Jack Brehm first raised attention to the phenomenon a fait accompli that might conceivably create dissonance if an event has led to the opposite behavior predicted at a prior point. He conducted an experiment to examine the behaviors of eighth graders eating a disliked vegetable. About half of them were told that their parents would be informed on the vegetable they ate. Then liking the vegetable was measured before and after the procedure. The results show that for kids who indicated little or no discrepancy between serving and actually eating the disliked vegetable at home, they should experience little or no dissonance in liking the vegetable from the low to the high consequence condition. They thereby concluded that the greater was the individual's initial dislike, the greater was the pressure produced by the experiment to increase his liking. In Jack Brehm's experiment it shows how even at a young age we are greatly impacted by the boomerang effect and it can have positive or negative outcomes that come with it. There was also larger resistance to change the attitude when the initial attitude was more extreme. However, they argued that in this experiment, the pressure to reduce dissonance increased more rapidly with increasing discrepancy than did the resistance against change, which verified Festinger's cognitive dissonance theory.
In a follow up, Sensenig and Brehm focused on the boomerang effect in experiments and applied Brehm's psychological reactance theory  to explain the unintended attitudinal change.

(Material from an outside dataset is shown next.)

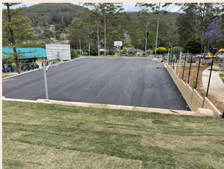
Basketball Court Progress

Psychological reactance theory analysis

Sensenig & Brehm applied Brehm's reactance theory to explain the boomerang effect. They argued that when a person thinks that his freedom to support a position on attitude issue is eliminated, the psychological reactance will be aroused and then he consequently moves his attitudinal position in a way so as to restore the lost freedom. He told college students to write an essay supporting one side of five issues and led some of them believe that their persuasive essays might influence the decision on those issues. Therefore, the people who had the impression that their preference was taken into account in the decision regarding which side they would support on the 1st issue showed attitude change in favor of the preferred position, while others who are concerned with their freedom lost move toward the intended position held by the communicator.

This experiment resulted in various links in the chain of reasoning: (a) when a person's freedom is threatened, his motivational state will move toward restoration of the threatened freedom; (b) the greater the implied threatened freedoms, the greater the tendency to restore the threatened freedom will be; (c) the reestablishment of freedom may take the form of moving one's attitudinal position away from the position forced by others.

Jack Brehm and Sharon Brehm later developed psychological reactance theory and discussed its applications. They also listed a series of reactions reactance can evoke in addition to the boomerang effect, which includes but is not limited to related boomerang effect, indirect restoration or vicarious boomerang effects.

Cognitive dissonance theory analysis

The dissonance theory by Leon Festinger has thrived the progress of social psychology research in the 1960s as it is not confined to the prediction of intended influence but can support almost all sub fields of psychology studies. Although Festinger himself was ambiguous about the role of commitment in the theory, later researchers such as Brehm and Cohen have emphasized its importance in providing a general conceptualization of the boomerang effect. Earlier studies by Thibaut and Strickland  and Kelley and Volkhart have also provided support to this line of reasoning by Dissonance Theory despite that they were not phrased using the exact terminology.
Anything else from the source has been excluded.